Next, to further refine the WIAQ items, we invited 5 senior experts in occupational psychology and psychological anxiety for a focused group interview. The core concepts of work information anxiety were first introduced to the experts, followed by a detailed introduction of the meaning of the initially identified dimensions and indicators. The interview focused on the rationality and relevance of the model and items, ie whether it was reasonable to use these 22 indicators to measure the degree of work information anxiety, and whether the summarized two dimensions were appropriate, and whether some items needed to be added or deleted. Based on expert feedback, the following modifications were made: First, some items were not applicable to work information reception and missing out anxiety. Thus, 7 items were removed from the original questionnaire. Second, since this study focuses on the psychological anxiety of information reception and missing out, many items involving avoidance behaviors in the initial questionnaire were not suitable to be mixed with other items. Hence, another 5 items directly related to avoidance behaviors were further removed.

Finally, 10 items were retained from the initial questionnaire (item5, 7, 8, 11, 12, 13, 14, 15, 16, 17) to form the initial WIAQ. As shown in Table 1, this questionnaire has 10 items, including two dimensions of work information reception anxiety and work information missing out anxiety. The information reception dimension has 5 items, and the information missing out dimension has 5 items. A 5-point scale was used, with 1 being “strongly disagree”, 2 being “disagree”, 3 being “neutral”, 4 being “agree”, and 5 being “strongly agree”. Higher scores indicate more severe work information anxiety. Participants’ gender, age and education level were also measured.

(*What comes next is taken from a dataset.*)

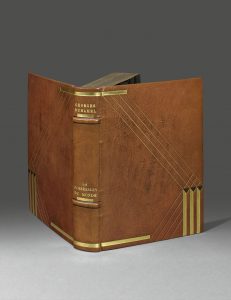 s'entrecroisant en trois petits triangles de maroquin bronze mosaïqué, et de listels dorés verticaux et horizontaux, poussés en creux, dont deux passant sur le dos, dos à deux nerfs titré, encadrement intérieur d'un filet et un listel dorés, couverture et dos, tranches dorées sur témoins, emboîtage moderne de toile grège et brique (Rose Adler, 1924).
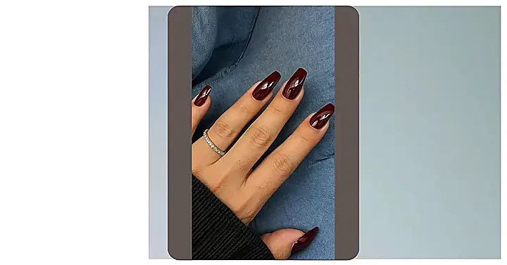 And can we talk about that ring? It’s like a tiny firework display next to those stunning nails. Together, they’re a total power combo. The dark burgundy and the sparkling diamonds complement each other flawlessly. You’d never guess how easy it is to achieve this look (okay, maybe you would if you’re a nail art pro, but for the rest of us… it’s a dream!). It’s definitely an outfit upgrade, no matter what you’re wearing, from jeans to a sparkly dress.

Table 1 Questionnaire Items and Supporting Literatures

Self-Rating Anxiety Scale (SAS)

The Self-Rating Anxiety Scale (SAS) compiled by Zung is a fairly simple clinical tool for analyzing patients’ subjective symptoms.57 It is applicable to adults with anxiety symptoms and has wide applicability. Foreign research believes that the SAS can better reflect the subjective feelings of psychiatric help seekers with anxiety tendencies. There are 20 items, each scored on a 1–4 Likert scale. “1” indicates none or a little of the time; “2” indicates some of the time; “3” indicates a good part of the time; “4” indicates most or all of the time. Based on the scoring criteria, standard scores of 50–59 indicate mild anxiety, 60–69 indicate moderate anxiety, and >70 indicate severe anxiety. 15 of the 20 items are stated in negative words and scored according to the above 1–4 sequence. The other 5 items (5, 9, 13, 17, 19) are stated in positive words and reverse scored from 4 to 1.

Depression Anxiety and Stress Scale (DASS)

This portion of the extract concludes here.